**Task to complete:**
Only text lines belong in the answer: the lines from the first one in the records through the line with "Pendentif scarabée argenté", copied exactly.

**Dataset:**

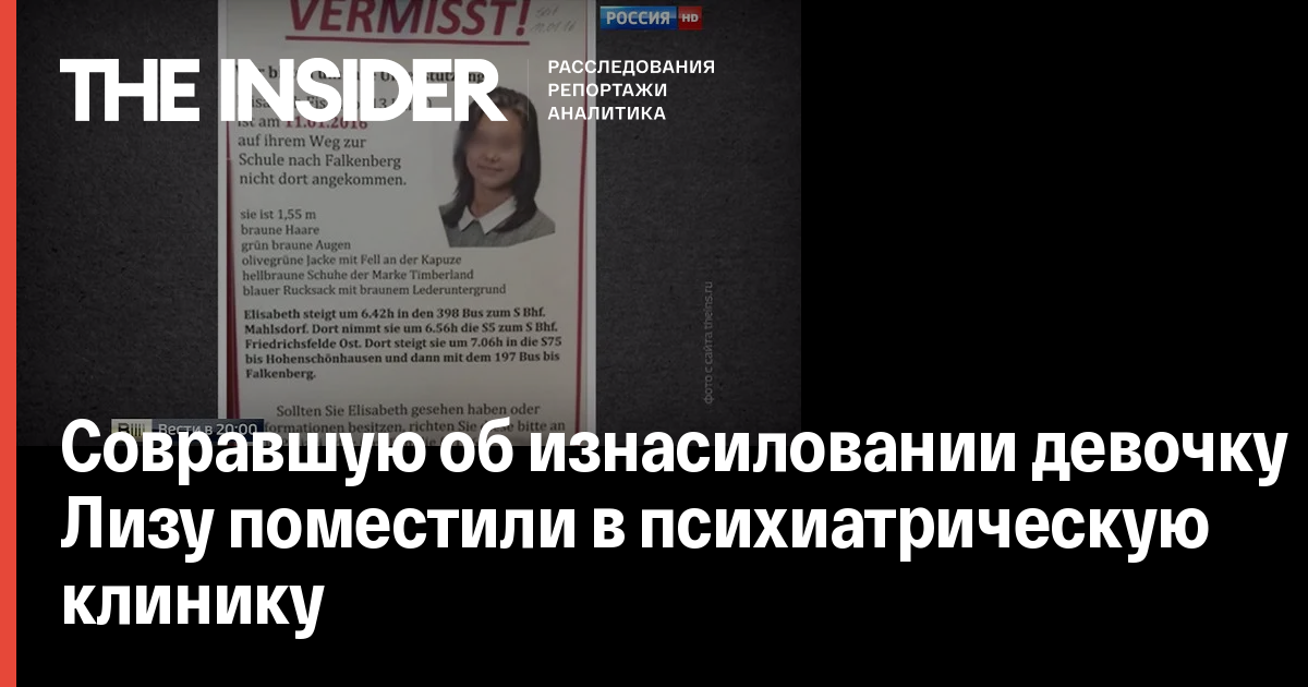 Рассказавшую об изнасиловании русскую девочку Лизу из Берлина, поместили в психиатрическую клинику. Об этом сообщила мать 13-летней школьницы в интервью журналу Der Spiegel.
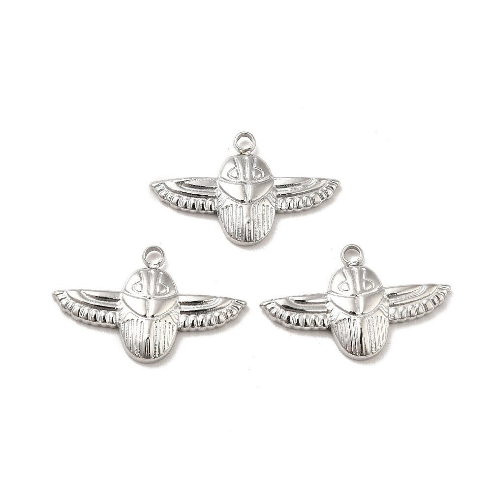 Pendentif scarabée argenté en acier inoxydable 304 breloque scarabée 12 mm
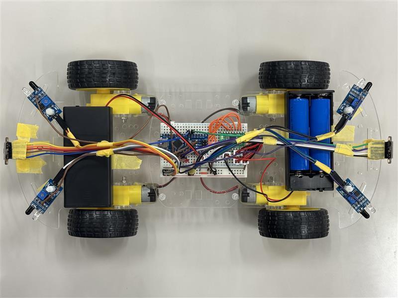 現在、自走車の設計・製作に取り組んでいます。自走車には4つの赤外線センサーと2つのLiDARセンサーを搭載し、周囲の障害物を検知できるようにしました。これらのセンサーから取得した値をもとに、自走車を自由に動作させるプログラムを作成しています。6つのセンサーを考慮したプログラムの開発は、プログラミング経験があまりない私にとって難しく、正常に動作させるまでに苦戦しました。それでも、試行錯誤を重ねて思い通りに動かせたときには、他の研修では味わえない達成感があり、とても楽しく作業に取り組めています。今後も失敗はあると思いますが、楽しむことを忘れずに研修に取り組んでいきたいです。
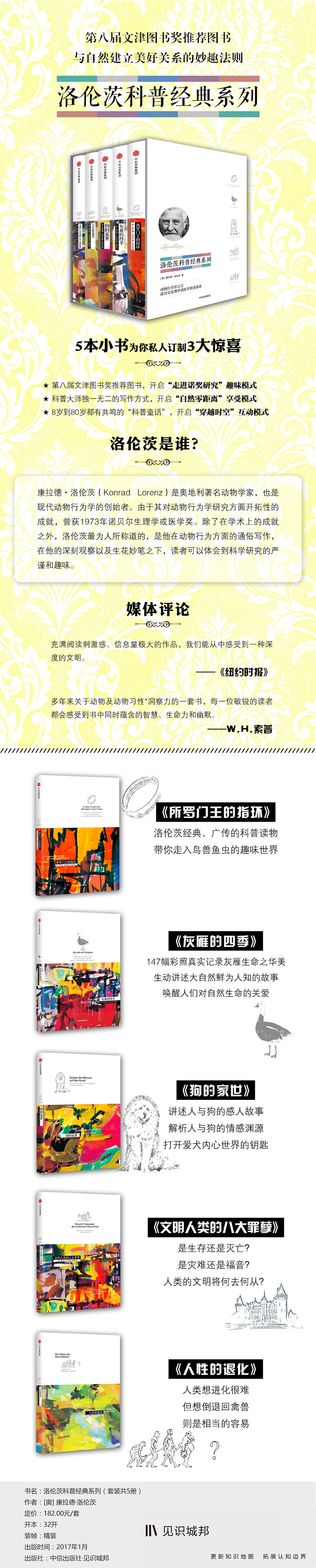 《洛伦茨科普经典系列》包含了《所罗门王的指环》《灰雁的四季》《狗的家世》《文明人类的八大罪孽》《人性的退化》5本,均为诺贝尔生物学或医学奖获得者康拉德?洛伦茨的经典科普著作,入选第八届文津奖推荐图书。分册简介如下:
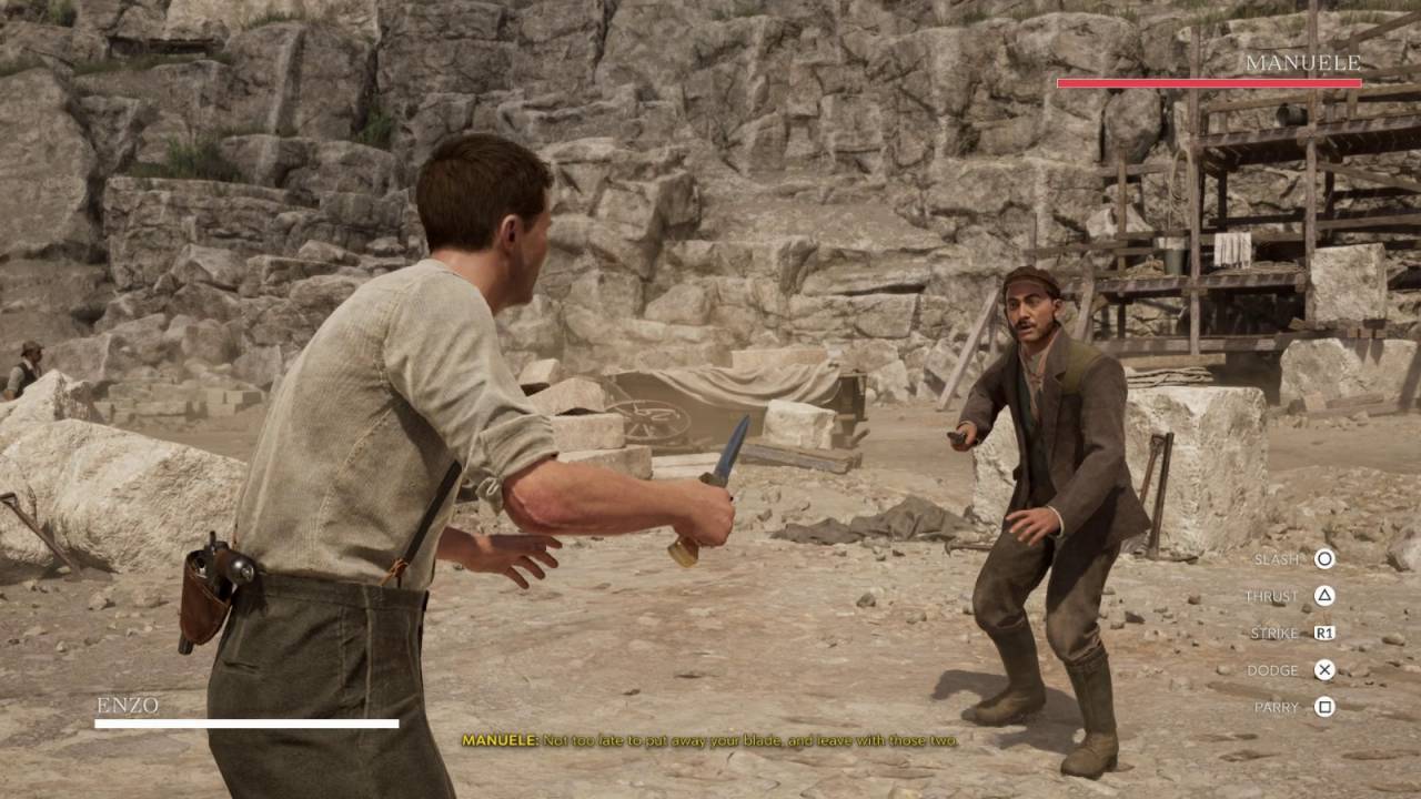 Особое внимание уделяйте комбинации Мануэле с тремя ударами к ряду: низкий срез в область бёдер, затем удар сверху и завершающий неблокируемый удар. Если не сможете парировать один из двух первых, будьте готовы увернуться от последнего. Мануэле предсказуем, поэтому не спешите — дождитесь ошибки, чтобы легко парировать и контратаковать. После победы садитесь на лошадь и отправляйтесь к следующей цели.
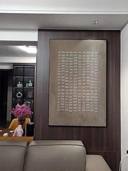 Introducing the "Sequence" a minimalist masterpiece that plays with texture and form through an arrangement of raised tiles. This oil painting, rendered in a soothing beige, features a series of tiled patterns that rise from the canvas, offering a sensory experience to the viewer. Inspired by the principles of minimal art, this piece focuses on the repetition and the subtle interplay of light and shadow, enhancing any space with its quiet yet striking presence.
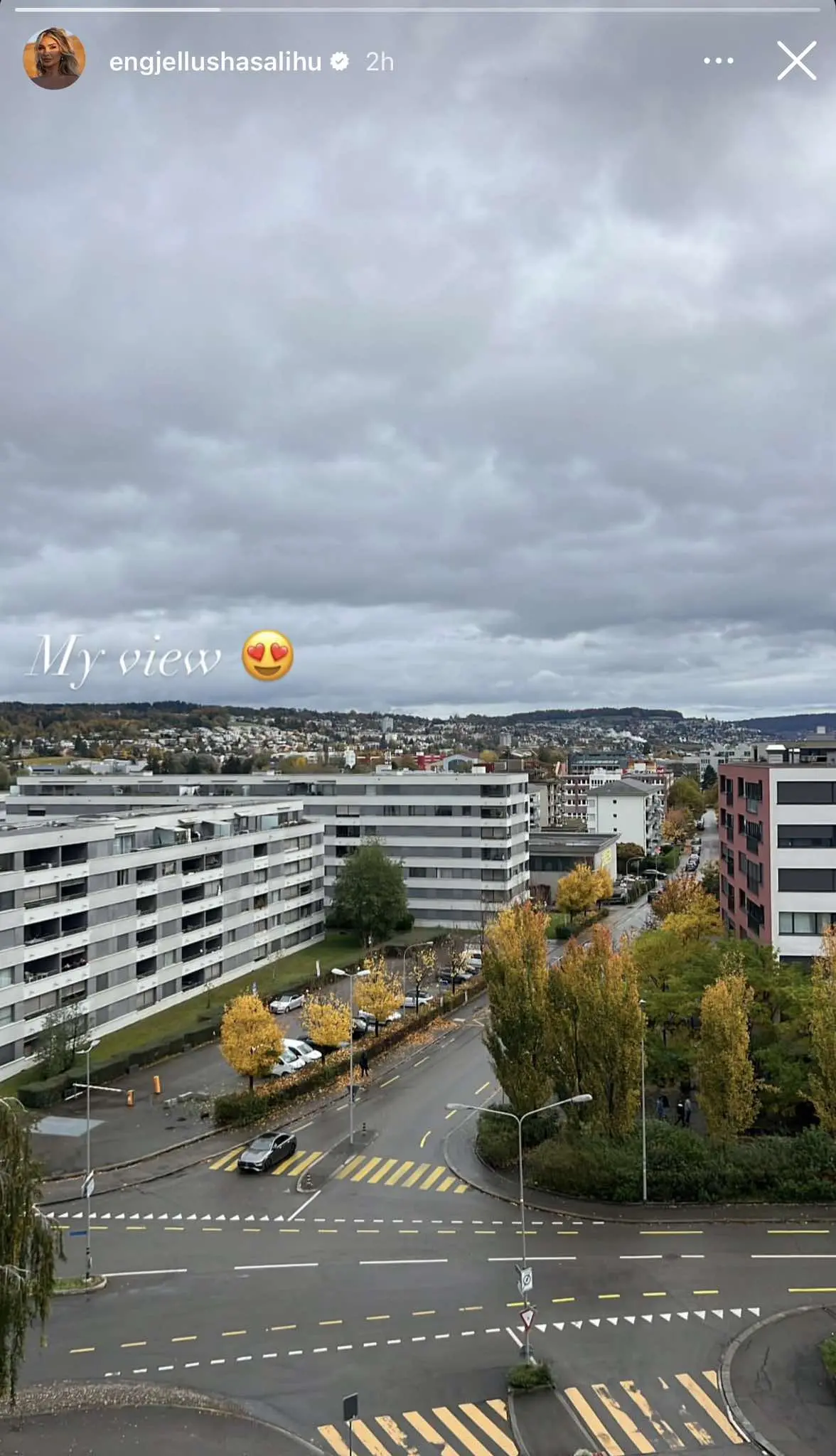 Ajo ka ndarë me ndjekësit një pamje të mrekullueshme nga dritarja e banesës së saj, që tregon një rrugë të qetë dhe të bukur në qytetin ku jeton aktualisht.

**Completed exercise:**
 Рассказавшую об изнасиловании русскую девочку Лизу из Берлина, поместили в психиатрическую клинику. Об этом сообщила мать 13-летней школьницы в интервью журналу Der Spiegel.
 Pendentif scarabée argenté en acier inoxydable 304 breloque scarabée 12 mm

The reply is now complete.